Question - That the proposed new clause be inserted - put. The Committee divided.
Majority . . . . 6
Question so resolved in the affirmative.
Proposed new clause agreed to.
Bill reported with a further amendment; reports adopted.
Bill read a third time.
The following papers were presented : -
Audit Act 1901-1912. - Regulations amended, &c.- Statutory Rules 1916, No. 302.
Lands Acquisition Act 1906 - Land acquired under, at -
Abbotsford, New South Wales - For Quarantine purposes.
Kensington, New South Wales - For Postal purposes.
Launceston, Tasmania - For Defence purposes.
Public Service Act 1902-1916- PromotionsDepartment of the Treasury- R. J. Mair. Department of Trade and Customs - E. P. Geraghty.
– As I assume that we have completed what may be termed the formal business of the Senate, before we adjourn for the holidays, I should like, following an old-established, and, I think, commendable custom, to extend on behalf of honorable senators, first of all to you, sir, our good wishes for the festive season and the new year. I feel that I may say that as another year has passed by you have added to the opinion which honorable senators had formed of your fairness and firmness, your desire at all times to assist them, and the success with which you have discharged your not always easy or pleasant duties. I wish, on behalf of honorable senators not attached to the Government, to extend to the Govern ment and their supporters our best wishes. During the last few weeks we have had some changes here, but I hope that they did not extend to any alteration of the good personal feeling that has always hitherto marked the relations between one member of the Senate and another. I should like, also, to include in these references the officers of the Senate. We have been again under obligations to them, and I am sure that honorable senators generally wouldnot like to close the session without some recognition of those obligations.

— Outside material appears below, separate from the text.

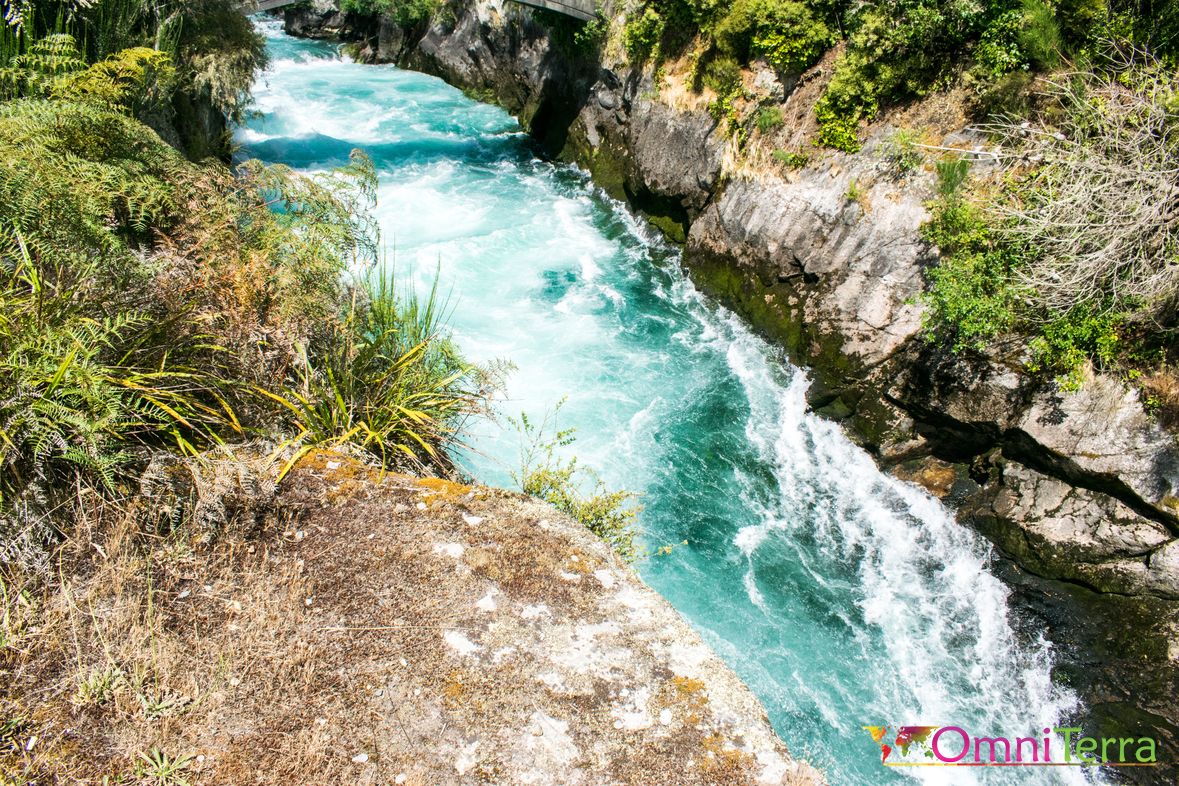 Nous nous échappons rapidement de la mêlée, et continuons de randonner encore quelques kilomètres. Le chemin, qui s’éloigne des berges, est moins impressionnant mais permet de rejoindre les rapides d’Aratiatia. Nous rebroussons finalement chemin et rentrons à Taupo au terme de 4 heures de marche.

– May I, sir, join with Senator Millen in the good wishes he has expressed to you and yours for a Merry Christmas and a Happy New Year. May I express the hope that the new year will bring an honorable peace. I wish to extend to the Governmentquite heartily and freely our best wishes for their enjoyment of the Christmas season, and also a happy and prosperous New Year. To the other members of the Senate I wish the compliments of the season, and to the officers, who by their efficiency and ability, have made our work so much lighter than it would otherwise be, I extend the congratulations of the party to which I belong. I hope that when we meet again in the New Year it will be under conditions satisfactory to us all.
– I wish to reciprocate to the full the kindly feelings expressed by the Leaders of the two Oppositions. It is quite clear that the present Government is well opposed, and if a Government ever succeeded by opposition, the present Administration should have a really prosperous term of office. This being the time when peace and good-will should reign amongst men, I wish to convey through you, sir, to Senators Millen and Gardiner and their followers, as well as to the supporters of the Government, my heartiest good feelings on the present occasion. Those of us who have homes to go to are about to retire to them to enjoy the festive season. As we cannot enjoy peace and good-will ourselves unless we are at peace with our fellow-men, I want to assure those who have trespassed against me that I am only too willing to forgive their trespasses, so long as they forgive me mine. I am well aware that in carrying on the work of Parliament persons are liable to become heated, though, for myself, I never could understand the reason why any man should become heated. As a close student and follower of the stoical school, I never allow myself to become ruffled. It is for that reason I can sympathize so heartily with those who during temporary ebullitions of feeling permit themselves sometimes the use of a little extravagant language.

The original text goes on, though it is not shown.